**Exercise requirements:** Without including any pictures, write out the data below exactly.

**Dataset excerpt:**
* * *
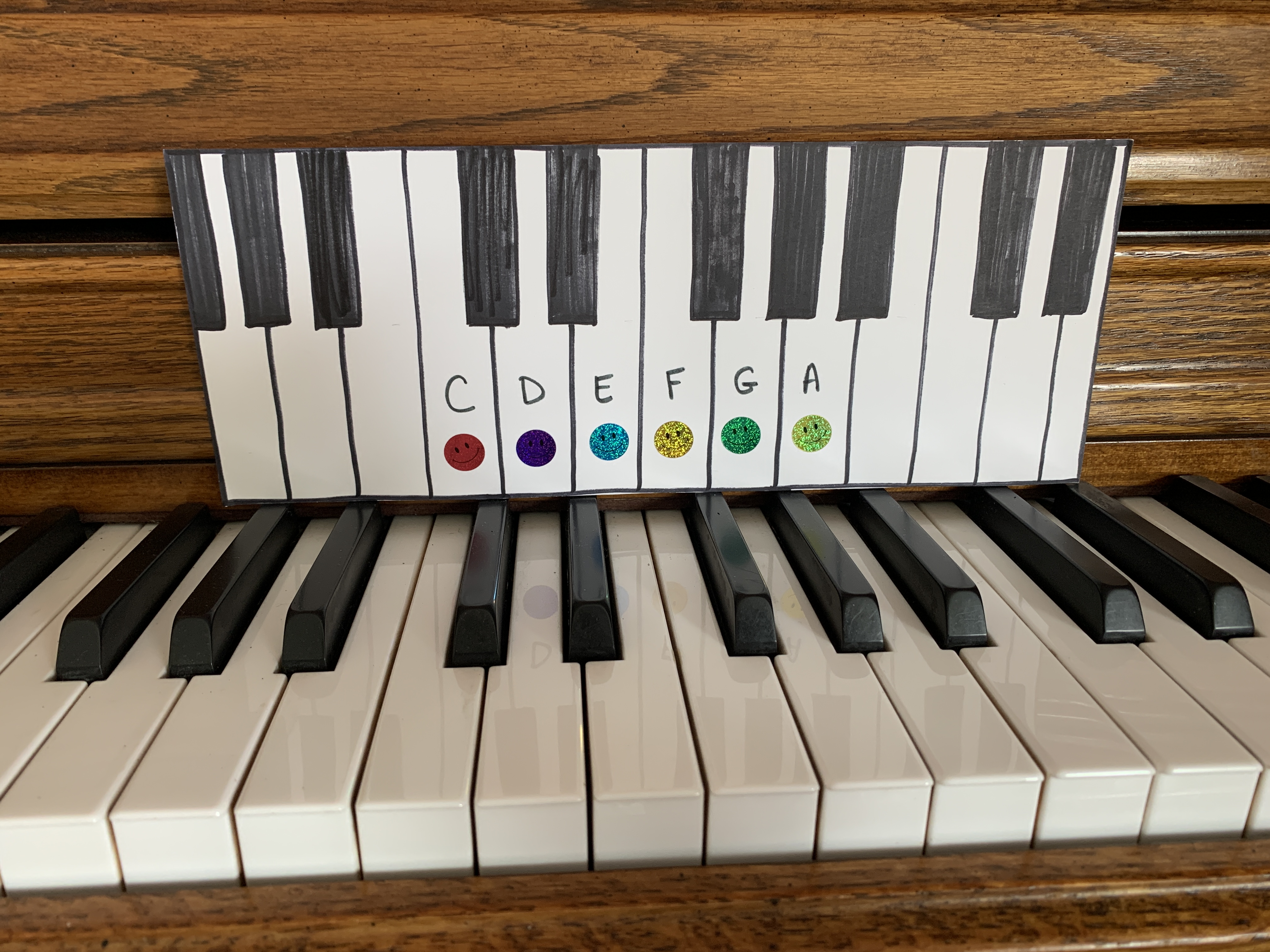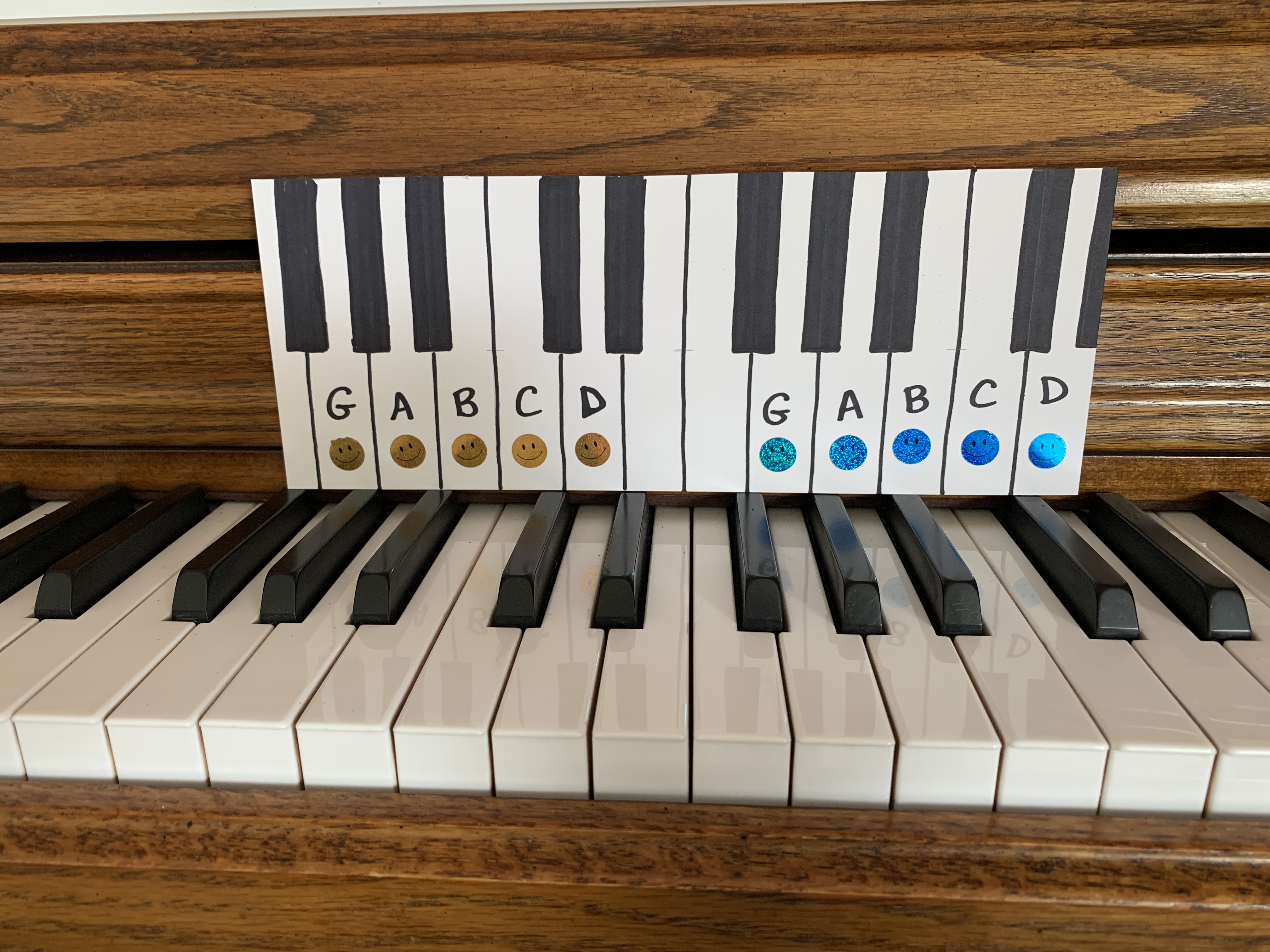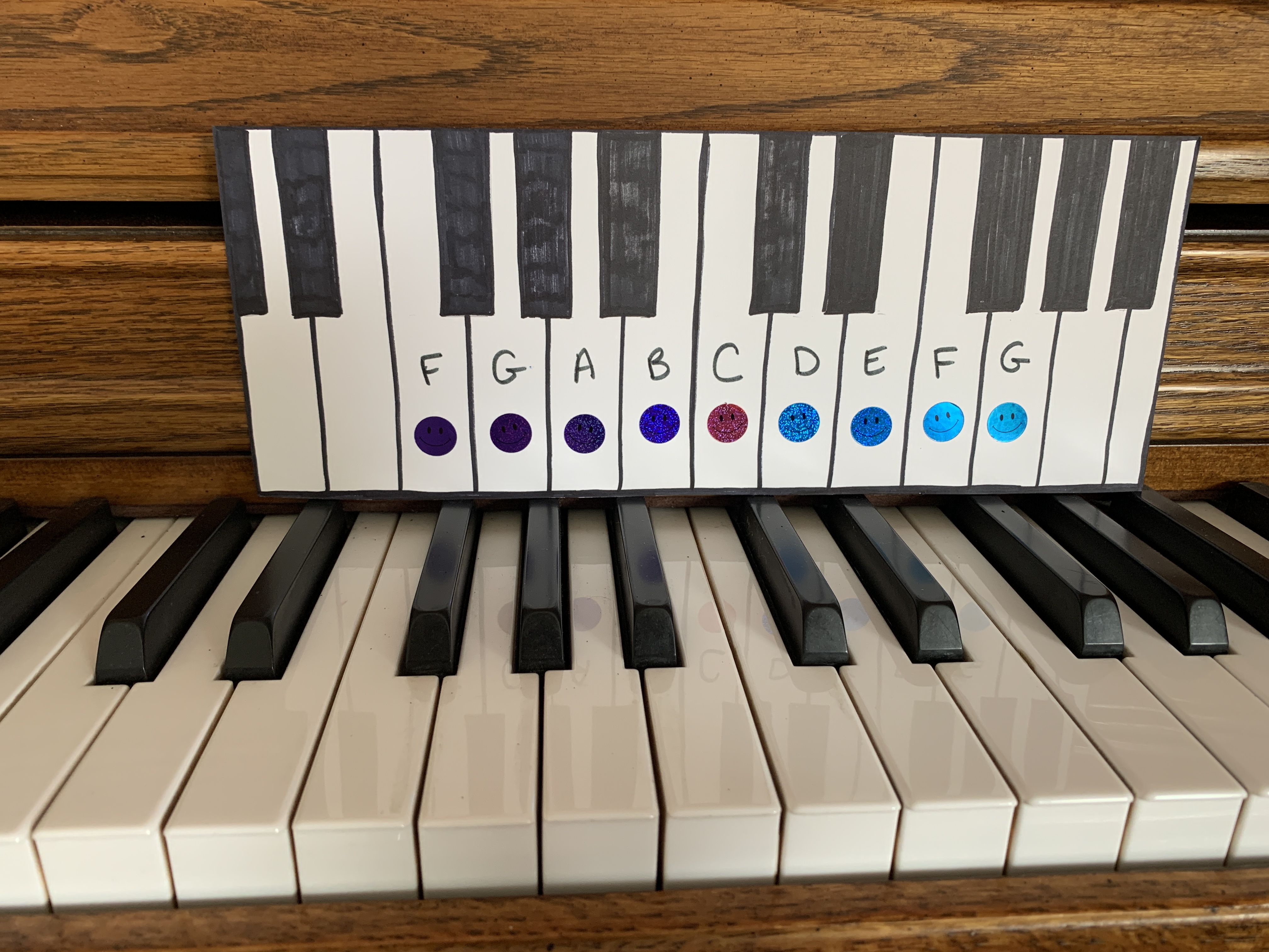 I created the charts to stand behind the keys so you can easily match it up to the correct keys on your personal keyboard at home, as well as the piano in the lesson. Each card shows the letters and their placement on the keys, and I color-code them to distinguish from Right Hand and Left Hand.
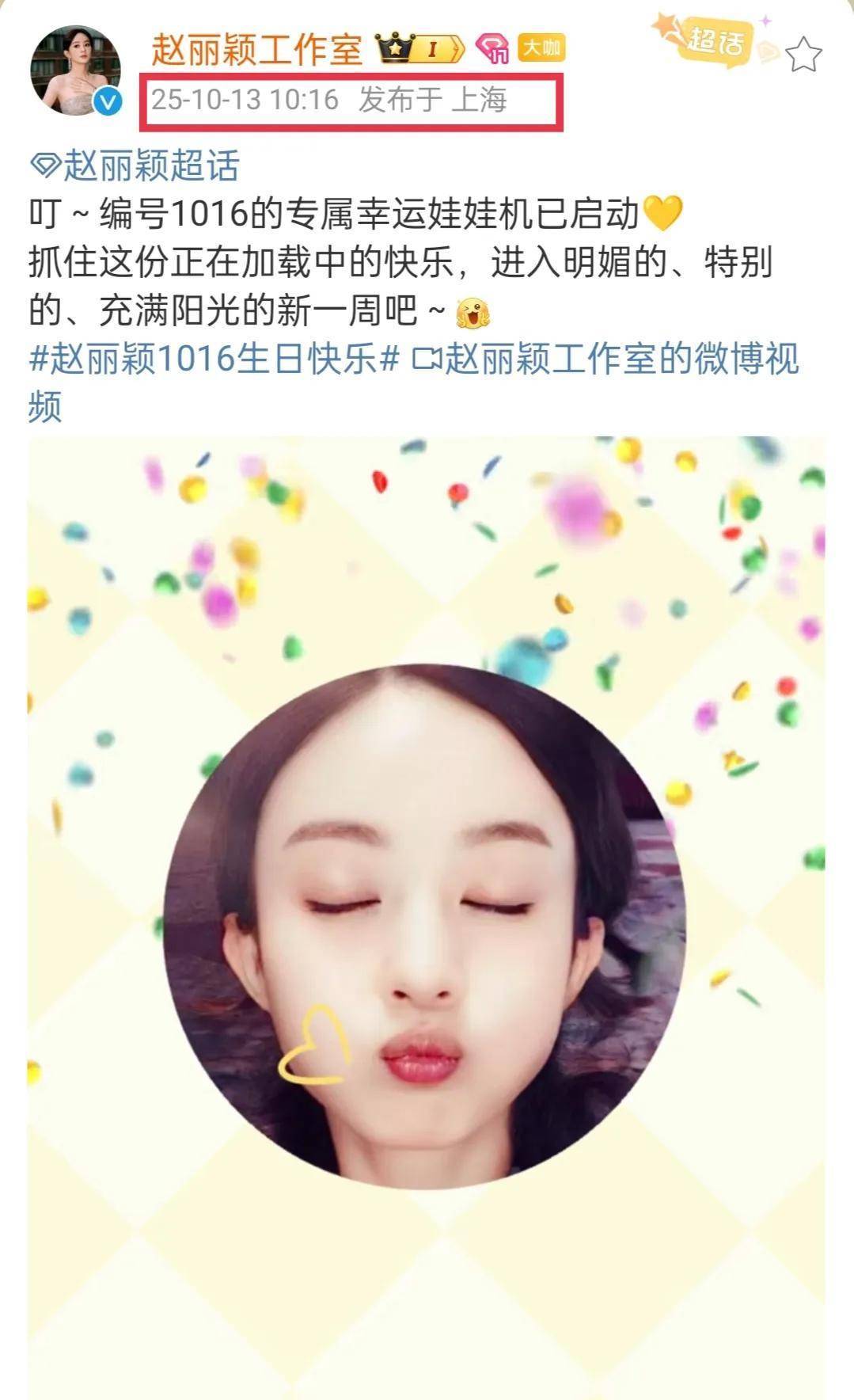 赵丽颖工作室IP地址变化,还有一个可能那就是专门来上海庆生的!毕竟颖宝1016生日快到了,而且颖宝这几个月休假丽室手上也没有多余素材!
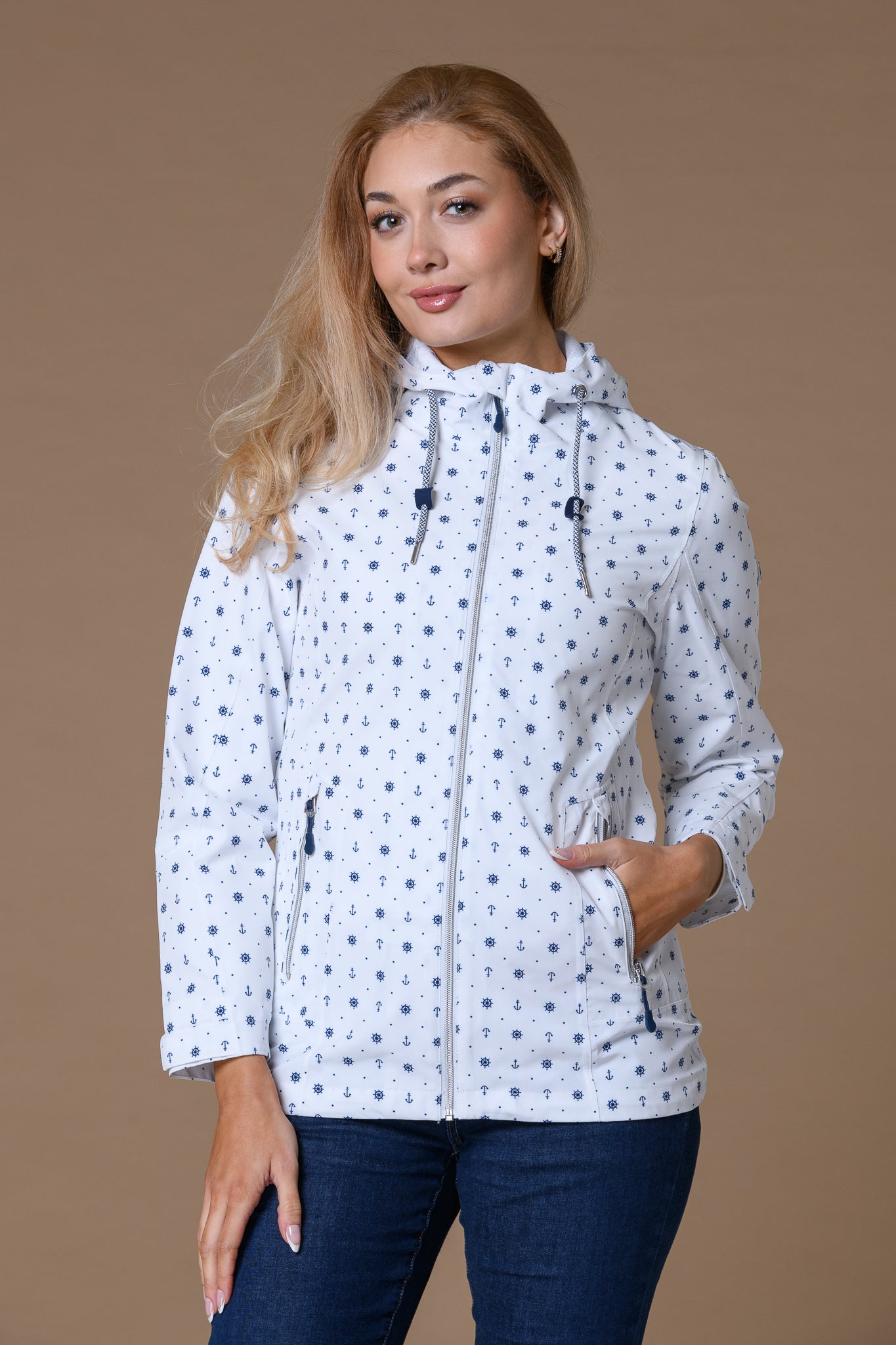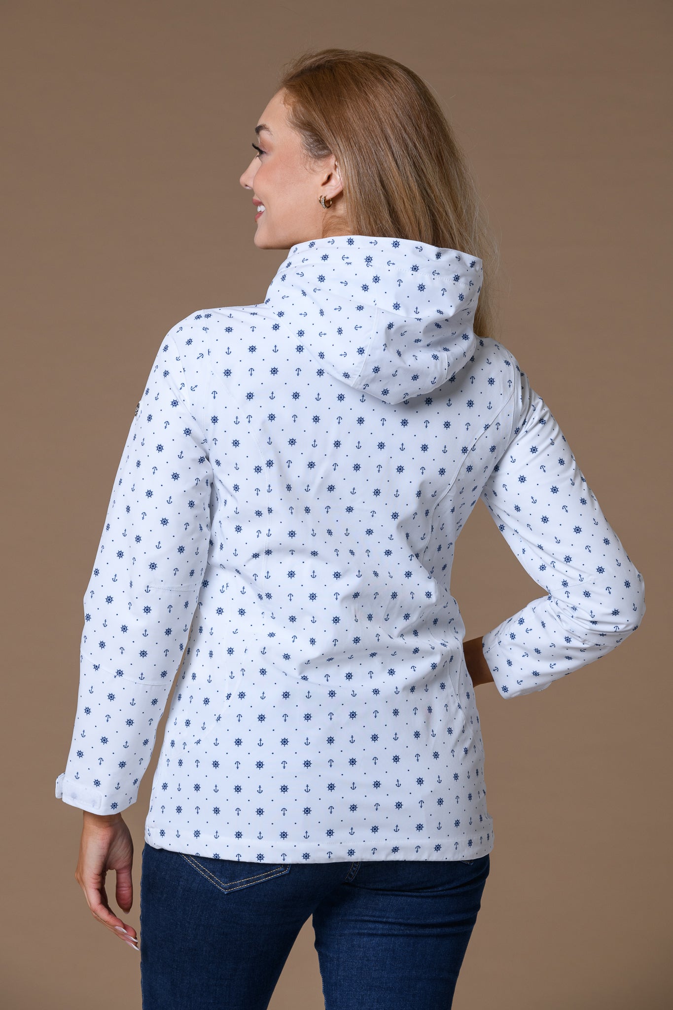 - Design: White jacket with an all-over navy nautical print (anchors, wheels, and sailing motifs) for a fresh, seaside-inspired look
* * *
**Solution below:**
 I created the charts to stand behind the keys so you can easily match it up to the correct keys on your personal keyboard at home, as well as the piano in the lesson. Each card shows the letters and their placement on the keys, and I color-code them to distinguish from Right Hand and Left Hand.
 赵丽颖工作室IP地址变化,还有一个可能那就是专门来上海庆生的!毕竟颖宝1016生日快到了,而且颖宝这几个月休假丽室手上也没有多余素材!
 - Design: White jacket with an all-over navy nautical print (anchors, wheels, and sailing motifs) for a fresh, seaside-inspired look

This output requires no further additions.